Quiet Creature on the Corner and the Limits of Criticism
By Dustin Illingworth.
João Gilberto Noll, Quiet Creature on the Corner, translated by Adam Morris (Two Lines Press, 2016)
“For a while, Criticism travels side by side with the Work, then Criticism vanishes and it’s the Readers who keep pace. The journey may be long or short. Then the Readers die one by one and the Work continues on alone, although a new Criticism and new Readers gradually fall into step with it along its path. Then Criticism dies again and the Readers die again and the Work passes over a trail of bones on its journey toward solitude.”
Roberto Bolaño, The Savage Detectives
Is there anything so quixotic as literary criticism? It has always seemed to me a compromised act, albeit a holy one; the mad realm of the starry-eyed critic, tilting at texts like a bookish hidalgo. The galling (and goading) nature of its failure is one of maddening proximity, an exquisite nearness; like Moses, we are both certain of a promised land—interpretive totality!—and just as certain we shall never find it. The critic’s triumph is a mirage, ever receding, the distant glimmer in the dunes of explication. This, then, is the gorgeous, exasperating truth of literary criticism: that we possess a formal energy almost commensurate with the art it aims to lay bare.

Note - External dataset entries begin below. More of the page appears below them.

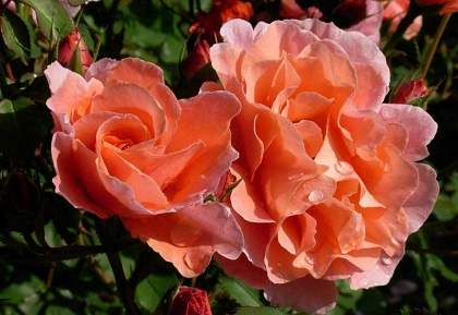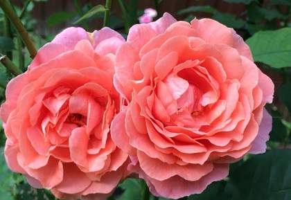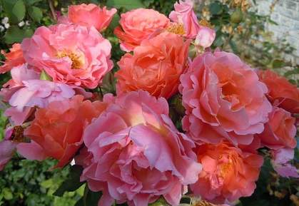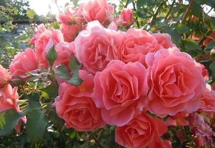 Роза плетистая Alibaba (Алибаба). Цветки очень крупные, махровые, кораллово-розовые, устойчивы к дождю. Лепестки волнистые. Насыщенный аромат абрикоса и маракуйи.
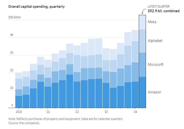 图注1:亚马逊、微软、Alphabet和Meta的季度资本支出情况,第二季度四大巨头共花费500多亿美元
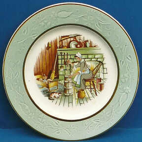 The most striking feature is a sculptured edge that gives the ware a three-dimensional effect. It features a border of entwined leaves and blossoms on a traditional wide shoulder with a recessed ivory center.
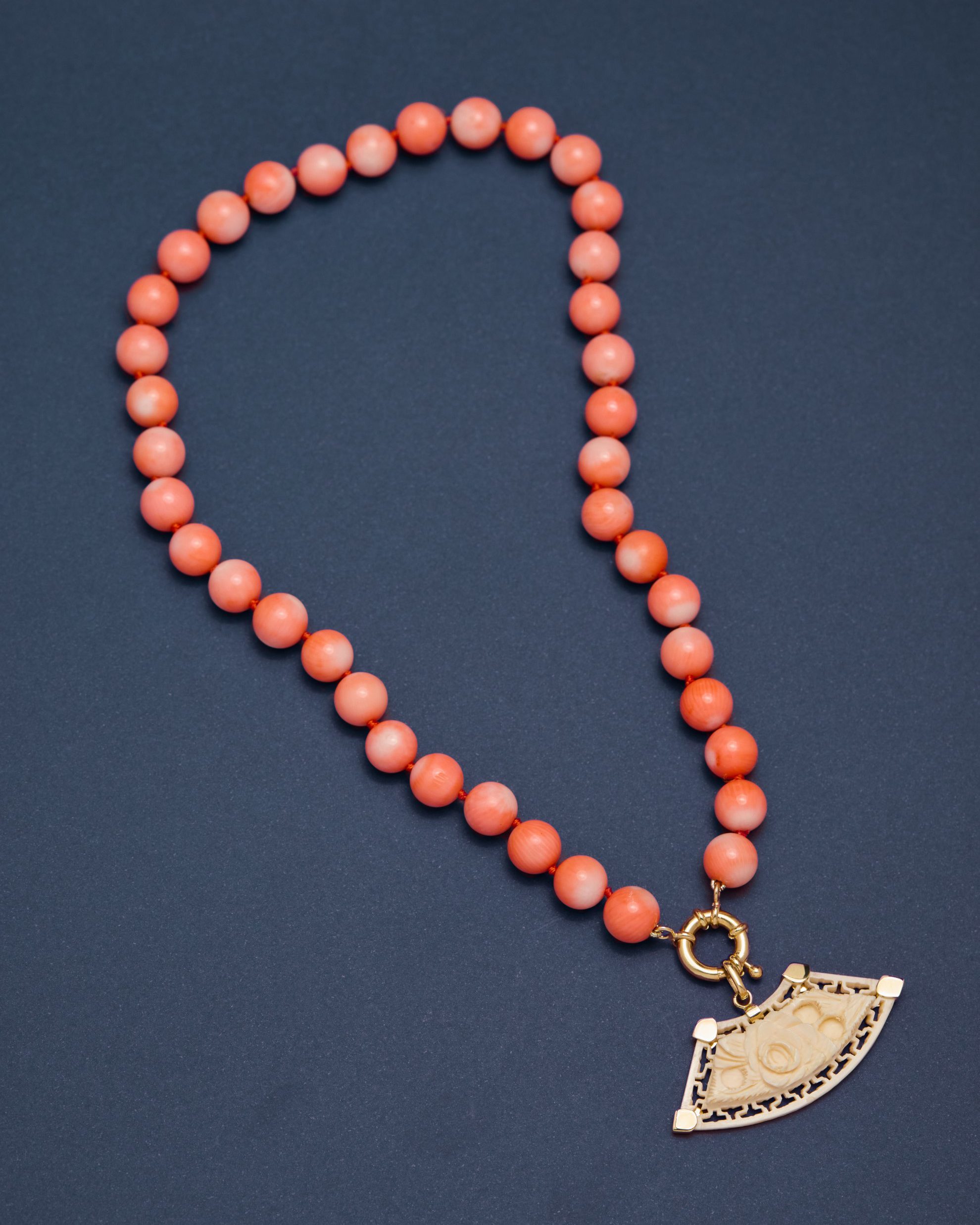 Pingente com fragmento de leque em Marfim, final do século XIX. Em Ouro amarelo 18k.
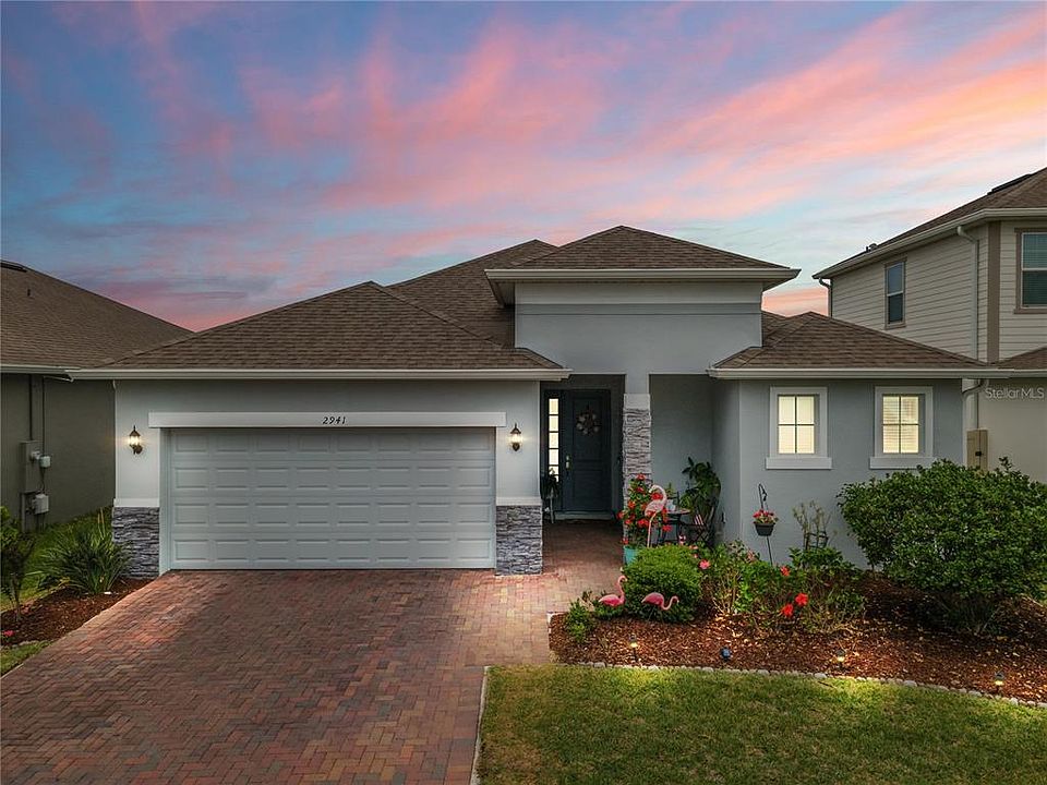 Gorgeous, like new! Only 4 years old home, 4 bedroom 2 bathroom in the gated community of Serenoa Village phase 2. Stepping inside you're greeted by the bright and spacious foyer. Just a few steps further you will see the open floor plan with a large island in the kitchen, stainless steel appliances and 42" cabinets, Quartz counter-top and an over-sized pantry. An open family dining space, 2 car garage, front porch and fenced backyard with planted fruit trees and plenty of space for a future pool. Entering the home, in the main hall to the left you have the garage, drop zone and laundry. To the right, you have the master bedroom with a double sink and upgraded shower master bath, and a big walk-in closet. Kitchen integrated with dining and living room with plenty of daytime sunlight. Living room with a sliding door to the fenced backyard and serving as a hub to the other 3 bedrooms (2 to the right and 1 to the left) and additional bath. Smart home technology which allows you to control your home with your smart device. A community composed of: State of the Art Clubhouse, Resort-style and Lap Pool, Interactive Splash Pool, Covered Lounge Area with Fireplace, Fitness Center with 24 Hour Access, Walking Trails, Dog Park and Playground. Easy access to the Disney parks and commuting to Orlando coming up soon, with a connector road that is currently being worked on. Schedule your showing today to see this well taken care home in a desirable community!

Allow me to state my belief bluntly: failure is, and always has been, the operative force of literary criticism. Between a book and its exegetes there lies an inadequate courtship, and the greater the book, the larger the gap. It seems apparent to me that the most successful critics discover unique—and uniquely beautiful—ways to fail their texts, the richness and complexity of said failure comprising the basis of their pedigree. Hegel called it “the labor of the negative,” while Terry Eagleton has written of literary theory’s fascination with “lack, belatedness, deadlock, self-undoing.” Unafraid of this contradictory impulse, strong critical work traces what has otherwise absconded into incommunicability, sounding a shout from beyond the mountain. As a critic, I find this process thrilling, the incompleteness of the enterprise, the scrabbling over sheer surfaces. Truthfully, the unfinished rooms in the house of criticism are where I linger, work that has transcended mere engagement or analysis and plunged into the chimerical, an ignus fatuus pursued with indomitable obsession. It is all I want, really: the criticism that dreams or bleeds.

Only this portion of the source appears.